Claude Code Benchmark Results¶
This page records the Claude Code compatibility-backend runs available in the local experiment artifacts. Bayesian-Agent handled benchmark orchestration, grading, and result writing; Claude Code executed each task prompt through the adapter boundary.
Evidence type: newly run / verified local artifact. Metrics were read from
results/claude_code/**/baseline/results.json and
results/claude_code_smoke/**/baseline/results.json.
Commands¶
Full baseline runs used this harness shape:
python experiments/run_benchmarks.py \
--harness claude-code \
--model "$MODEL" \
--bench "$BENCH" \
--mode baseline \
--out-root "results/claude_code/${MODEL_SLUG}/${BENCH}"

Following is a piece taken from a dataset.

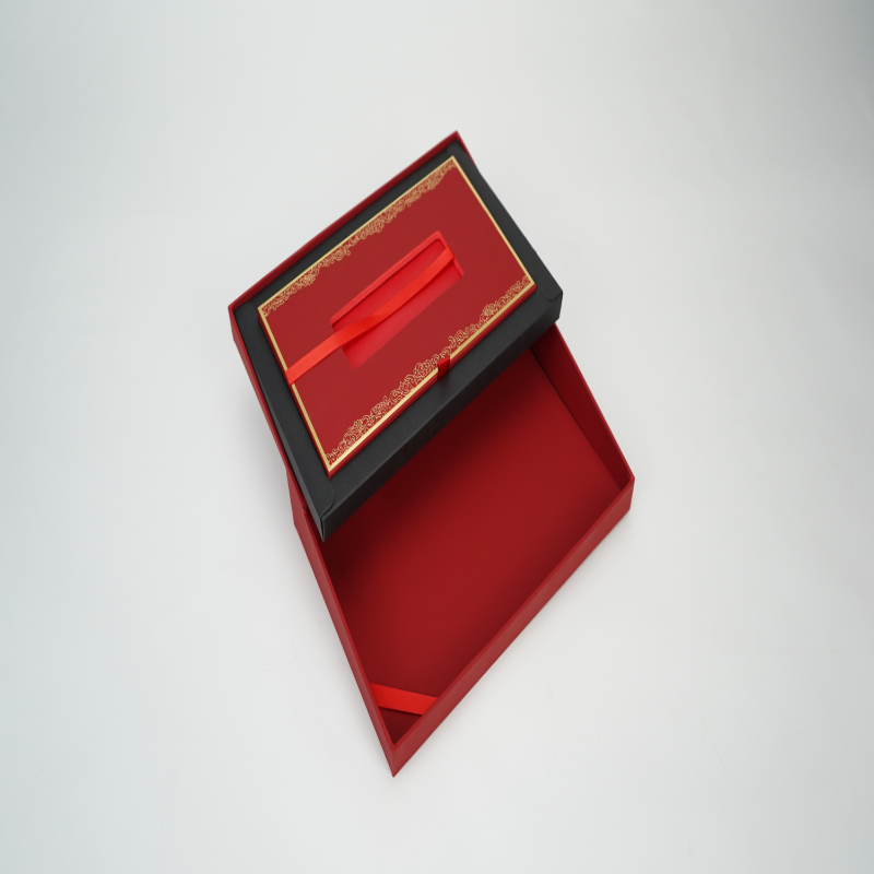 The box body is made of 150g VaiColour deep red tactile paper with logo hot stamping in matte gold design style, which is more stable and solemn. Unique trapezoidal flap structure design, the box is opened and flipped with its own support rack, turning into a merchandise display rack in seconds. It is a shaped box with both value and function.

Smoke runs used the same backend with --limit 1 and smoke-specific output
roots under results/claude_code_smoke/.
Full Baseline Results¶
| Model | Benchmark | Accuracy | Total Tokens | Efficiency | Failed Tasks |
|---|---|---|---|---|---|
| deepseek-v4-flash | SOP-Bench | 18/20 (90%) | 5,887,709 | 3.06 | sop_15, sop_16 |
| deepseek-v4-flash | Lifelong AgentBench | 20/20 (100%) | 1,552,970 | 12.88 | none |
| deepseek-v4-flash | RealFin-Bench | 31/40 (77.5%) | 49,414,353 | 0.63 | 9 tasks |
| deepseek-v4-pro[1m] | SOP-Bench | 13/20 (65%) | 2,759,895 | 4.71 | 7 tasks |
| deepseek-v4-pro[1m] | Lifelong AgentBench | 20/20 (100%) | 1,552,632 | 12.88 | none |
| deepseek-v4-pro[1m] | RealFin-Bench | 26/40 (65%) | 27,034,780 | 0.96 | 14 tasks |
Bayesian-Agent Modes with Claude Code Backend¶
These runs use Claude Code as the task execution backend and Bayesian-Agent for benchmark orchestration, verifier grading, Skill evidence updates, and failure-mode patch injection.
Evidence type: newly run / verified local artifact, 2026-06-06 to 2026-06-07. Metrics were read from:
results/claude_code/{deepseek_v4_flash,deepseek_v4_pro_1m}/{sop,lifelong,realfin}/{baseline,bayesian_full,bayesian_incremental}/results.json
Commands used the same shape for all three benchmarks:
python experiments/run_benchmarks.py \
--harness claude-code \
--model "$MODEL" \
--bench "$BENCH" \
--mode "$MODE" \
--out-root "results/claude_code/${MODEL_SLUG}/${BENCH}"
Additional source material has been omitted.